- Born: August 15, 1968 (age 58) Houston, Texas
- Education: University of Texas 1989), Stanford Law School
- Occupations: Business executive, writer, film producer
- Known for: Founding editor, Latina magazine; Executive, WarnerMedia
- Parent(s): David and Ann Haubegger (Adopted)

= Christy Haubegger =

American journalist

Christy Haubegger (born August 15, 1968) is the founder of Latina magazine and was formerly the Executive Vice President, Chief Enterprise Inclusion Officer and Head of Marketing & Communications, at WarnerMedia.

==Early life==
She was born in Houston, Texas, to a Mexican-American woman and was then adopted by an Anglo couple, David and Ann Haubegger. Haubegger was raised in Bellaire, an exceptionally wealthy suburb of Houston. Although her parents did not speak Spanish, they strongly encouraged her to learn the language and to explore Mexican culture, and Haubegger was enrolled in a bilingual preschool, continuing to learn Spanish in primary and secondary schools.

She graduated from St. John's School (Texas) in 1986 and then went to college at the University of Texas at Austin. After she received her Bachelor of Arts degree in philosophy in 1989, Haubegger attended Stanford Law School where she was class president and served as a senior editor of the Stanford Law Review. Haubegger graduated with a juris doctor degree in 1992.

==Career==
Frustrated by a lack of Hispanic role models in the popular media, the then 28-year-old Stanford Law School graduate founded Latina in 1996 to appeal to Hispanic-American women like herself. The magazine has reached 250,000 in circulation, was recognized two years in a row on Adweek's "Hot List," and counts some of the world's largest marketers among its advertisers. Haubegger remains a member of the Board for Latina Media Ventures, Latinas parent company.

Haubegger has received numerous accolades and recognition for her pioneering work in marketing and media. She has been recognized as one of Advertising Age's "Women to Watch" and was inducted into the American Advertising Federation Hall of Achievement for her work in raising the awareness and understanding of the U.S. Hispanic market.

In January 2001, Newsweek named her one of the "Women of the New Century." She has been interviewed and profiled by a number of major media outlets including the Today Show, NBC Nightly News with Tom Brokaw, The New York Times, CNN, and others.

In 2002, she brought her media and marketing expertise to the big screen, having served as associate producer on 20th Century Fox's Chasing Papi and an executive producer of Columbia Pictures' Spanglish.
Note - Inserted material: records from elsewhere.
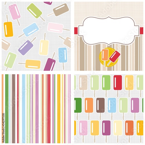 © demonique, Fototapeta premium kolorowe lody na patyku zestaw papierów scrapbook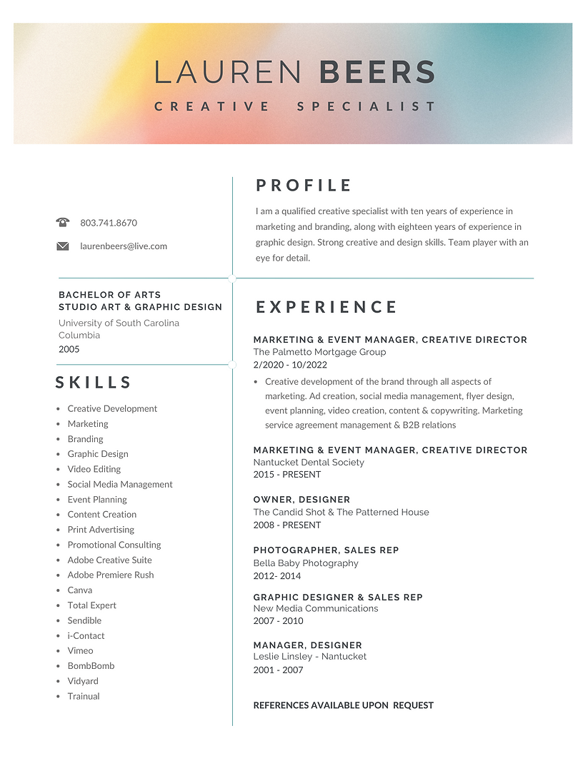 I am creative specialist with over twenty years of experience in all aspects of design. I have dabbled in everything from crafts & furniture restoration to professional photography & jewelry design. I have over 15 years of professional experience in graphic design, sales/marketing, branding, and social media. I possess incredibly strong creative and design skills, and an eye for detail. I am a team player with impecible communication skills, business acumen, and am results driven with experience leading project teams.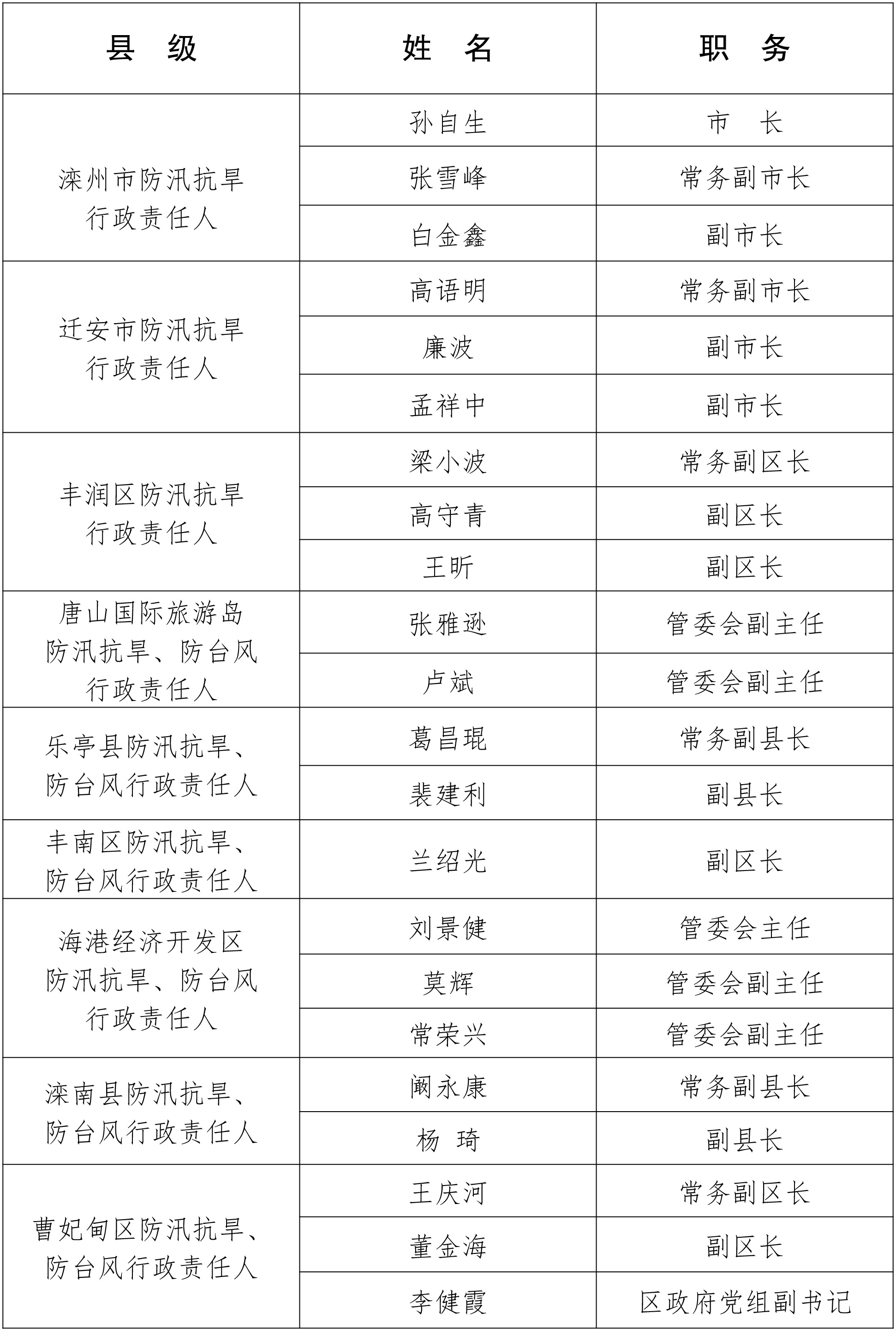 為切實做好我市2022年防汛抗旱防臺風工作,進一步落實防汛抗旱責任制,按照省防汛抗旱指揮部工作要求,現(xiàn)將市、縣兩級防汛抗旱防臺風行政責任人予以公示,接受社會監(jiān)督。唐山市防汛抗旱指揮部辦公室2022年5月30日唐 ...

In 2005, Haubegger joined Creative Artists Agency, where she led the company's drive to increase the representation of women and people of color, Under Haubegger's leadership, CAA launched CAA Amplify, an invitation-only annual event convening high-level multicultural artists and leaders, as well as the Amplify Database, the industry's first searchable database of television writers of color.

Haubegger joined WarnerMedia in August 2019 and the organization's Chief Enterprise Inclusion Officer. In 2020, she also became the company's Head of Marketing & Communications.

Haubegger serves on the boards of Management Leadership for Tomorrow, a non-profit organization that works to increase the number of minority business leaders, as well as Hudson Pacific Properties. Haubegger is also a founding member of TIME’S UP, an initiative that addresses systemic inequality and injustice in the workplace.

On April 6, 2022, it was announced that Haubegger would be stepping down from her role in face of the soon-to-be-completed merger of WarnerMedia and Discovery, Inc.